Further support for the argument that negation deactivates concepts in its scope comes from studies investigating the comprehension of negated action-related sentences. Negation reduces differences between action-related and abstract concepts and therefore seems to modulate so-called embodiment effects.
For example, Tettamanti et al. (2008) investigated the modulation of negation on the neural representations of action-related and abstract concepts. Hence, they tested whether the impact of negation on the neural responses elicited by the negated propositions is dependent on the semantic field. Their stimuli consisted of action-related (e.g., Adesso io/non premo il bottone. (Now I/not push the button)) or abstract (Ora io/non apprezzo la fedeltà (Now I/not appreciate the loyality)) sentences.
Assuming that negation leads to reduced access to neural representations of the negated proposition for a negative compared to an affirmative action-related sentence, we would expect a reduced activation in the left front-parietal-temporal system, which is the region that is assumed to be activated for the representation of actions (Tettamanti et al., 2008). Instead, for the comparison of affirmative and negative abstract sentences we would expect reduced activity in the posterior cingulate cortex for negative sentences. Tettamanti et al. (2008) report an increased signal in the left ventral inferior frontal gyrus, the left inferior and middle temporal gyri, and the posterior cingulate cortex for abstract compared to action-related sentences. For negative abstract sentences, the authors observe a deactivation of the posterior cingulate cortex, whereas they observe a reduction of activation and connection strength within left-hemispheric front-parietal-temporal regions for the action-related sentences. The effects for action-related vs. abstract sentences were stronger for affirmative than for negative sentences. Furthermore, the activity level in pallid-cortical areas was lower for negated compared to affirmative sentences, irrespective of the semantic type of sentence.
According to Tettamanti et al. (2008), their results support the idea of reduced access to negated information but do not support the assumption of an increased processing load for negative sentences. Furthermore, the results, especially the reduction in the left front-parieto-temporal system, suggest that negated action-related sentences lead to a weaker activation of the action-representation system, supporting the embodied view of language representations. Additionally, they argue that deactivation in the left pallidum is an indication of reduced semantic processing in the case of negative sentences, which is compatible with the reduced accessibility hypothesis. The main result of this line of research on embodiment effects and negation is that the differences between action-related and abstract affirmative sentences disappear in negative sentences.
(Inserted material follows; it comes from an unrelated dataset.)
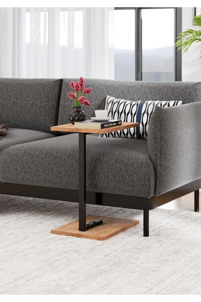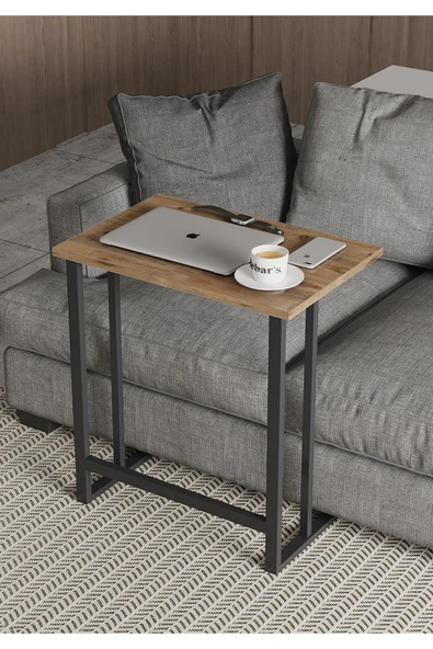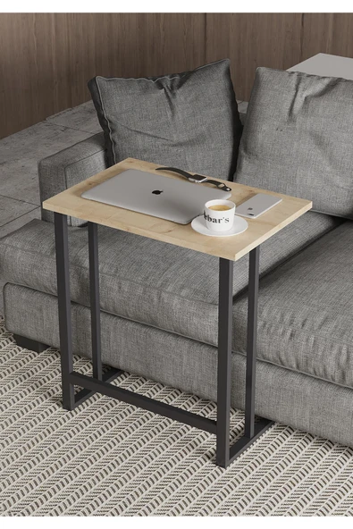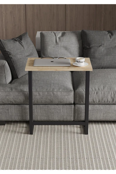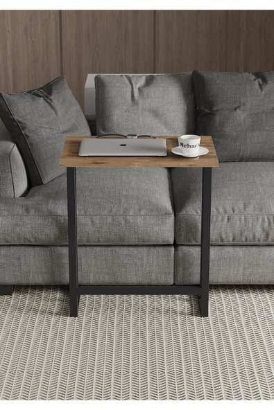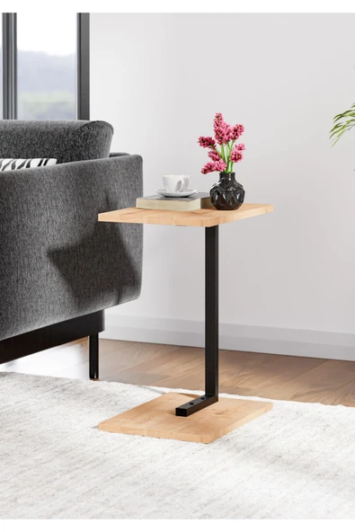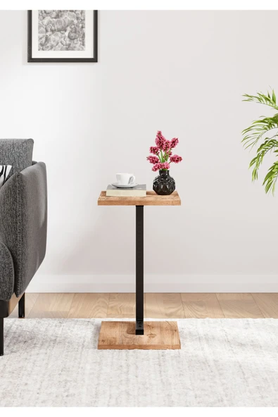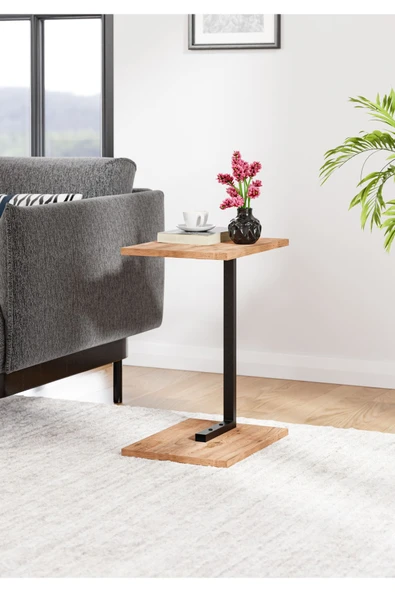 Zigon Sehpa, Metal ayaklı Tekli Sehpa,Koltuk Sehpası,C Sehpa,servis Sehpası -atlantik Çam

See also Alemanno et al. (2012), Bartoli et al. (2013), and Papeo et al. (2016). As a result some researchers even argue that the meaning of negation is grounded on disembodiment effects (Bartoli et al., 2013; Pulvermüller, 2018).
Further support for the argument that the negated representation is activated in a first step and later inhibited and replaced by the representation of the affirmative alternative, as is defended by the two-step theory of negation comprehension (Clark and Chase, 1972; Carpenter and Just, 1975; Kaup et al., 2006, 2007; Lüdtke et al., 2008), comes from studies that included a manipulation of stimuli presentation times in their design where in one condition of for example a sentence-picture verification paradigm the picture is presented early after the sentence and only about 500 or more milliseconds later in another condition. For example, in Kaup et al. (2007), pictures were presented either 750 ms or 1500 ms after the sentence. For the short-delay condition (750 ms) responses were faster when an affirmative sentence was followed by a picture that matched the actual state of affairs (that is, the affirmative alternative) compared with a picture that mismatched (that is, showing the negated situation). No such difference was found for negative sentences in the short-delay conditions. However, in the late-delay (1500 ms) conditions responses were faster when a negative sentence was followed by a picture that matched the actual state of affairs compared with a picture that mismatched this state of affairs. No such difference was found for the affirmative versions. Kaup et al. (2007) took this difference for the short- and long-delay conditions as an indicator for a two-stage comprehension process in which the comprehenders shift their attention from the negated state of affairs that is then suppressed toward the actual state of affairs at a certain point in time. See also Lüdtke et al. (2008) for an event-related potential study using the same material and the same experimental manipulations.
Direct support for inhibition comes from studies that directly investigated negation and inhibition in Stop-Signal paradigms or Go/No-Go tasks. A recent discovery in this context is the occurrence of a P300-ERP in response to negation. The P300-ERP is a positivity with a typical latency between 250 − 500 ms after the stimulus onset (Polich, 2007) that is commonly elicited in oddball paradigms in response to an infrequent stimulus. It is divided into two subcomponents: The P3a and the P3b. The anterior P3a is sensitive to new stimuli while the posterior P3b is elicited by infrequent target items that are focused or task-related and therefore expected in the experiment (Polich, 2003, 2007). Attention resources (Gray et al., 2004) as well as context updating and working memory updates (Donchin and Coles, 1988) have been argued to be reflected in the P300. Polich (2007) proposes (anterior) stimulus-driven attention processes during task processing to be reflected in the P3a and (posterior) attention-related processes and memory processing to be reflected in the P3b. In addition, he proposes neuroinhibition to be reflected in the P300 whenever a stimulus requires memory operations (Polich, 2007). See Huster et al. (2020) for a metaanalysis. Apart from the P3, the N1 ERP, which is a negative potential occurring around 80 − 120 ms after the stimulus onset, has also been linked to inhibition (see for example Raud and Huster, 2017). Furthermore, several studies have suggested that theta frequency activity plays a key role in inhibitory control (Dippel et al., 2017; Adelhöfer and Beste, 2020; Huster et al., 2020).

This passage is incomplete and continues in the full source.